*** SUPPLIED INFORMATION Section Begins ***

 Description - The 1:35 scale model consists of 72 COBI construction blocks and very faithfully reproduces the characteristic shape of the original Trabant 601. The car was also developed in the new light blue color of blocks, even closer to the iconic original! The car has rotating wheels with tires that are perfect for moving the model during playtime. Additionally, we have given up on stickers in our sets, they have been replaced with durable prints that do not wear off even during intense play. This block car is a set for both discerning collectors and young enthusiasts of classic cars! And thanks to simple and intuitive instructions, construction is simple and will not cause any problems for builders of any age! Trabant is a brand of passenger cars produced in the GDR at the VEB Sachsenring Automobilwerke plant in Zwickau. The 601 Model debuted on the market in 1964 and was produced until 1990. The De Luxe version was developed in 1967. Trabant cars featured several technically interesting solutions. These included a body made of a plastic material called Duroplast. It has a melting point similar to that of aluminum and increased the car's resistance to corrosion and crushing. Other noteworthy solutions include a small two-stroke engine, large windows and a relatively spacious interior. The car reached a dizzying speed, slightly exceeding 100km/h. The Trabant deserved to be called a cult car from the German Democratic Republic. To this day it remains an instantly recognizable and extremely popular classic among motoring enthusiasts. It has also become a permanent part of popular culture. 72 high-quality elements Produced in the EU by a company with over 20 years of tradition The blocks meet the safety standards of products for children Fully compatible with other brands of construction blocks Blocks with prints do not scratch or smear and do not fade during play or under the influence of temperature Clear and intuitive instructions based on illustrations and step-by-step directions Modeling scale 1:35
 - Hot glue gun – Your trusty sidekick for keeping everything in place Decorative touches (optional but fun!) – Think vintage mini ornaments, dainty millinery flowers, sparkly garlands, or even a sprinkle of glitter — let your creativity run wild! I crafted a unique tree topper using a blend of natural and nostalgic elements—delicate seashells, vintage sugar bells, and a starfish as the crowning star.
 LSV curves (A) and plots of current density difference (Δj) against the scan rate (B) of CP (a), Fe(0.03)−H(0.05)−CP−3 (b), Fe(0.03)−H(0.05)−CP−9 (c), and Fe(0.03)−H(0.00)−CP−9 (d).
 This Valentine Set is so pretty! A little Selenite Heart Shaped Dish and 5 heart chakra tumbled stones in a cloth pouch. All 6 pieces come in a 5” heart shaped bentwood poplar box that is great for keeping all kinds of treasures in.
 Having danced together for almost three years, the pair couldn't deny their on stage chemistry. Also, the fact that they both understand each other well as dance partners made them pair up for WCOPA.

*** SUPPLIED INFORMATION Section Ends ***

_WHAT NEEDS TO BE DONE:_ Starting at the line that contains "This Valentine Set", quote each remaining line of the entries above, unchanged.

_ANSWER TO THE PROBLEM:_
 This Valentine Set is so pretty! A little Selenite Heart Shaped Dish and 5 heart chakra tumbled stones in a cloth pouch. All 6 pieces come in a 5” heart shaped bentwood poplar box that is great for keeping all kinds of treasures in.
 Having danced together for almost three years, the pair couldn't deny their on stage chemistry. Also, the fact that they both understand each other well as dance partners made them pair up for WCOPA.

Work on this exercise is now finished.